On Wed, Feb 24, 2016 at 04:26:58PM +0000, Paul Jakma wrote:
> Also, does this depend on using dynamic linking? We do have people who 
> like to build Quagga with --disable-shared at least (though, that still 
> results in an ELF binary dynamically linked).

It's no problem, constructors work on statically linked binaries too.

> > No -- moving memtypes into the files they're used in was also a major
> > design goal, thus the existence of DEFINE_MTYPE_STATIC().  A table does
> > not allow for that.
> 
> You could have file specific groups.

Looking at the changes in lib/, the average is 2.39 MTYPEs per file
(only counting files that have MTYPE definitions).  There are 33 such
files.  Every single file would not only need a group but also an
initialisation function that is called from somewhere, without using
constructors I guess.

This sounds very finicky to me, but if you wanna cook up a patch I'm
happy to review it...

> > Considering that the linker functionality for constructors is 
> > neccessarily present on any architecture that supports C++ (this is 
> > how global variable classes get their constructors called),
> 
> Right. Not everything supports C++ though. Not that Quagga.net supports 
> such platforms though. C++ is harder to bring up on weird platforms than 
> C though.
> 
> The thing I have on my mind is embedding Quagga into non-standard, 
> non-Unix, relatively minimal runtimes, that might have their own 
> compiler or else do not have special support from GCC for their exe 
> format. More and more of these runtimes are springing into existence, 
> thanks to IoT and ultra-minimal "virtualisation" efforts.
> 
> I used to sit beside someone who worked on that stuff, and they used to 
> have fun porting C code over.

I don't see how this is relevant to the discussion on this patch set?
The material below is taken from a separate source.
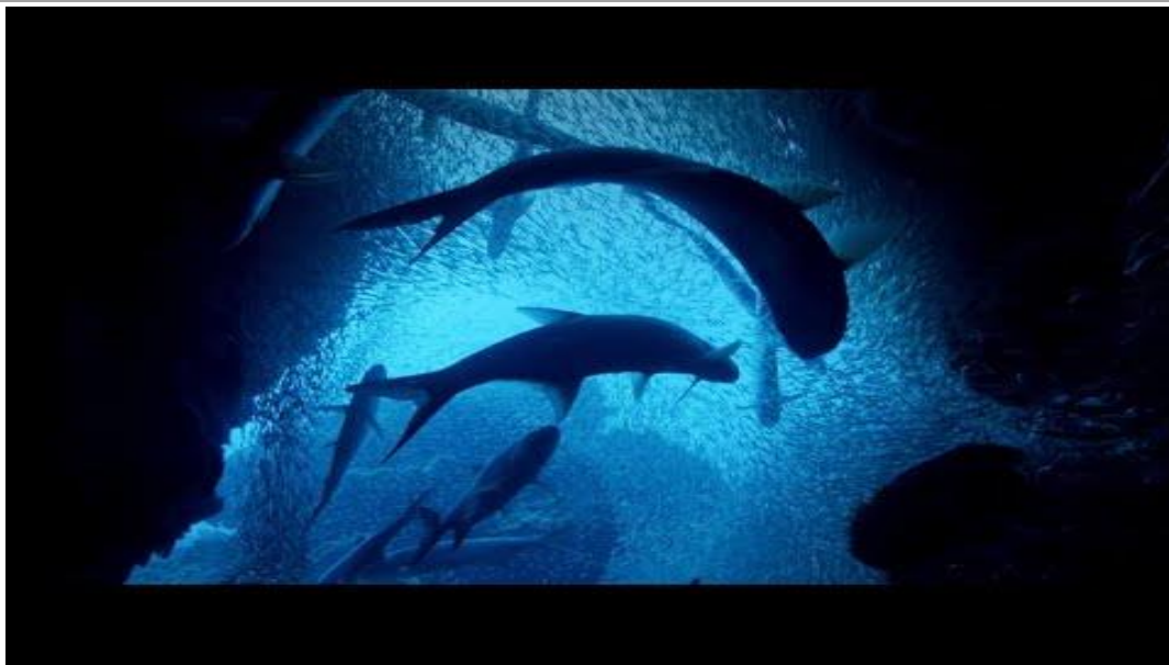
Biblijos pamokėlė „Pasaulio sukūrimas“: 1. Vaikų pamokėlė - Pasaulio sukūrimas
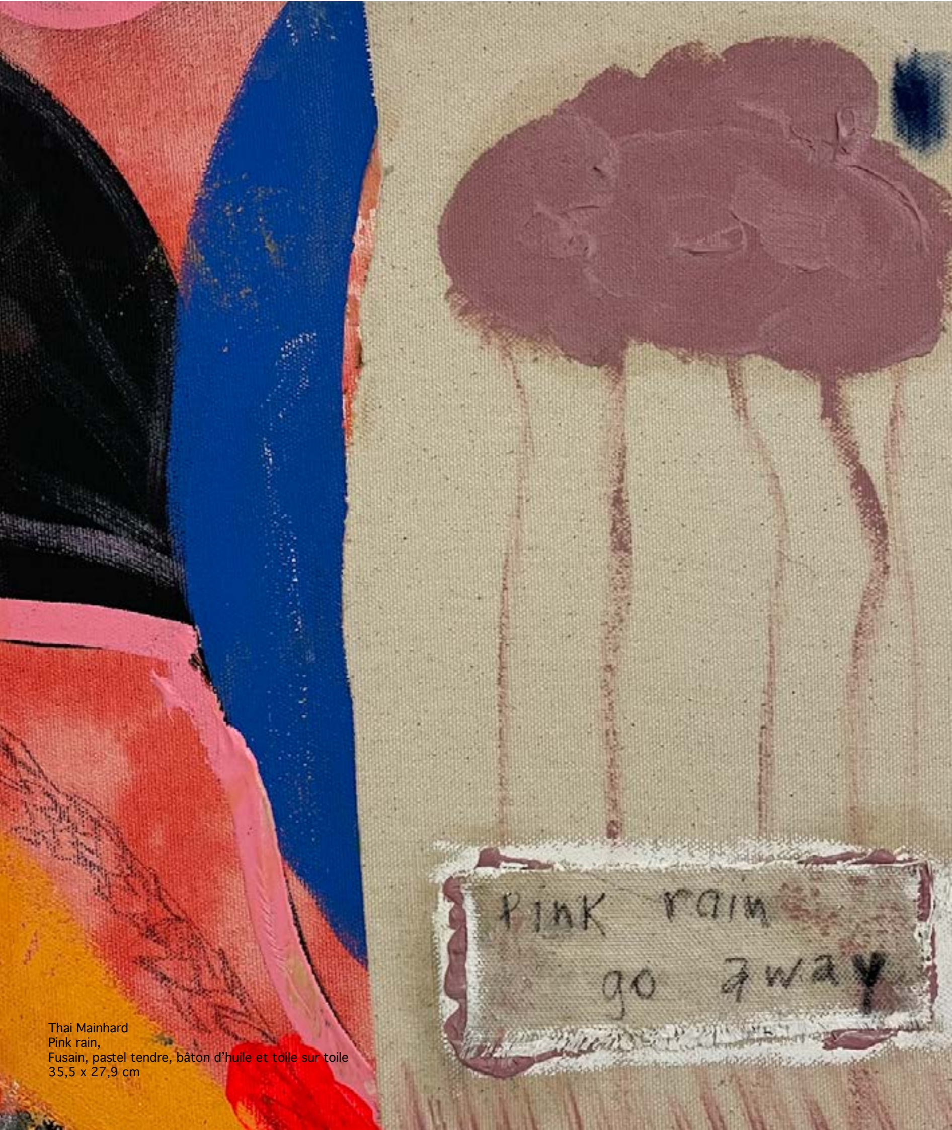
Thai Mainhard Pink rain, Fusain, pastel tendre, bâton d'huile et toile sur toile 35,5 x 27,9 cm

If someone wants to start porting Quagga to IoT devices, they have much
bigger problems than this patchset...  heck, it's problematic to even
get Quagga onto a low-flash (4 MB or 8 MB) OpenWRT device, and that's
still Linux+gcc.

Btw, 8-bit AVR supports gcc and constructors.  It's one of the
architectures that no-prologue-chains them.  Same for Cortex-M ARMs,
it's part of the linker magic, you don't even need an RTOS.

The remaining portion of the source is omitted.